According to Indian mythology, avatars are the benevolent god Vishnu’s incarnations on earth, the forms the god assumed when he came down to earth to help mankind. The concept reappears in many religions as a term for “helper”. Today the word can also mean the character one assumes in role-play, a figure who represents you in virtual worlds on the Internet.

In the blossoming new economy in the end of the nineties, the Swedish unions were in a crisis. Young people were not interested in traditional politics, the preferred to play role playing games and create new digital dreams.
When invited to participate in the exhibition Avatar, about new media, I found the union an interesting theme for my project. The idea grew out of a conflict between me and the organisers of the exhibition. I suggested to present my own personal “avatar”, a union spokes person, who helped me to negotiate with former employers, and now helped me to negotiate with Riksutställningar (Swedish Travelling Exhibitions).
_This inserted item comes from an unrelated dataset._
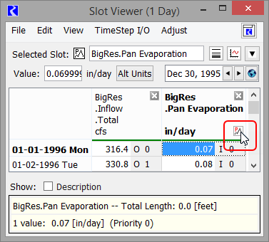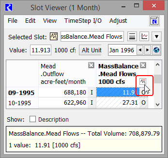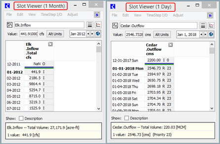Previously, you could open only one Slot Viewer at a time, and it only displayed series data with the same timestep size as that of the model. Now, you can have one Slot Viewer for each timestep size in RiverWare. Each Slot Viewer is associated with a specific timestep size, which is identified in the window title bar—for example, “Slot Viewer (1 Month)” and “Slot Viewer (1 Day)”. The Slot Viewer displays series data with that timestep size only.
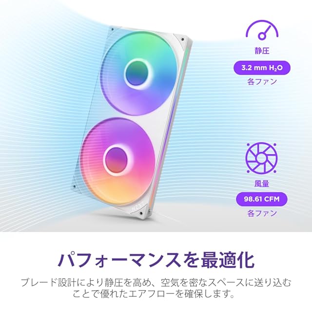 冷却性能と静圧のバランスが取れた設計で、500~2000 RPMの回転速度で、98.61 CFMの高いエアフローを提供します。これにより、PCの内部を効率的に冷却し、システムのパフォーマンスを最適化します。

Björn Söderberg, union representative from the Stockholm LS Diverseförbund, has represented roughly fifty members of Syndikalisterna (the Syndicalists). In 1992, Björn represented me, a waitress at the time, in a case where my employer had filed for bankruptcy, leaving me without pay. In 1998, Björn represented me, an artist at that time, in connection with contractual issues surrounding the Avatar-exhibition. This time, the parties never entered negotiations in court and settled instead out of court, leaving me with a salary for my work with the exhibition. In return I agreed not to participate in the exhibition.

In these photos Björn poses in the physical locations where our common history took place.

Björn was a person with a great courage and strong ideas. On October 12, 1999, Björn Söderberg was murdered by three young neo-nazis outside his home in Stockholm.